At this level, the architecture becomes cleaner:

  • Authentication: centralized at IdP
  • Token issuance: centralized at IdP
  • Business authorization: enforced by our API

We are no longer maintaining our own token infrastructure. OAuth standardizes the entire flow.

Level 4 - Delegated Authorization (Third-Party Access)

So far, only our own applications are calling our APIs. As platforms grow, third-party integrations become inevitable. Developers want to build tools on top of your API, scheduling apps, analytics dashboards, cross-posting tools. Suppose an external developer builds an application that allows users to schedule posts on our platform.

This third-party app needs to: POST /create-post on behalf of the user.

Without OAuth, the only way to do this would be for the third-party app to ask the user for their username and password.

That is insecure for several reasons:

  • The user must trust the third-party app with credentials.
  • The third-party app can store or misuse the password.
  • There is no way to limit what the third-party app can do.
  • Revocation becomes difficult.

This is where delegated authorization becomes essential.

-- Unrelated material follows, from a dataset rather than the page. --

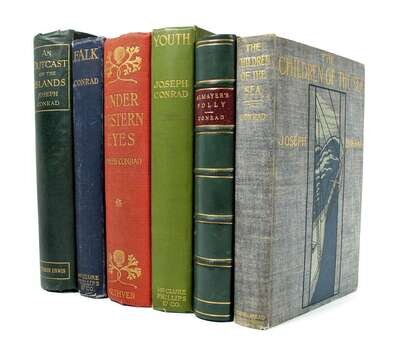 Conrad, Joseph: Almayer's Folly. London: T. Fisher Unwin, 1895. 1st ed., 1st issue. 8vo, early 20th-century full green calf, gilt; slightly scuffed. Trimmed, light foxing to front matter. Wise 1.* The Children of the Sea. N.Y: Dodd, Mead, 1897. 1st pub. ed. 8vo, orig. gilt-lettered pictorial blue-grey cloth, rough trimmed ed; slightly scuffed, light edge wear. Pub. in England, 1898, as "The Nigger of "Narcissus"." Generally attractive copy. W4.* An Outcast of the Islands. L: T. Fisher Unwin, 1896. 1st ed. 8vo, orig. green cloth, gilt-lettered spine, t.e.g., other edges rough trimmed; light edge wear. Attractive copy. W2.* Youth. N.Y: McLure, Phillips, 1903. 1st Amer. ed. 8vo, orig. gilt-lettered green cloth, t.e.g., other edges rough trimmed, light edge wear, very slightly cocked. W10.* Under Western Eyes. L: Methuen, (1911). 1st ed. 8vo, orig. red cloth, gilt-lettered spine; rough cut edges; light wear, some darkening to endpapers, minor fixing to front matter. Armorial book plate. W19.* Falk. N.Y: McClure, Phillips, 1903. 1st separate ed. 8vo, orig. gilt-lettered blue cloth, t.e.g., other edges rough cut; corners slightly bumped, spine ends & joints scuffed. Front hinge slightly stressed. Cuttler & Styles p24.

Instead of sharing credentials, the user grants limited access.

The flow now looks like this:

  1. The third-party app redirects the user to the Identity Provider.
  2. The user authenticates.
  3. The user is shown a consent screen.
  4. The user grants permission (for example, "Allow this app to create posts").
  5. The IdP issues an authorization code to the third-party app.
  6. The app exchanges the code for an access token.
  7. The app calls our API using that access token.

Each permission the user grants is represented as a scope, a short string like posts:create or posts:delete. The access token will include only the scopes the user approved, giving the API a precise record of what the third-party app is allowed to do.

Here is the flow:

Notice what has changed. The access token now represents:

  • The user's identity
  • The granted permissions (scopes)
  • The specific client application

The third-party app never sees the user's password. The user can revoke access at any time. Access can be limited to specific actions (for example, only "create posts" but not "delete posts"). This is the core purpose of OAuth - standardized, secure delegation of API access.

Up to Level 3, OAuth simplified token issuance. At Level 4, OAuth enables controlled delegation between different applications. The architecture remains the same:

  • The IdP issues tokens.
  • The API validates tokens.
  • Business rules are enforced internally.

But now access is safely extendable beyond our own applications.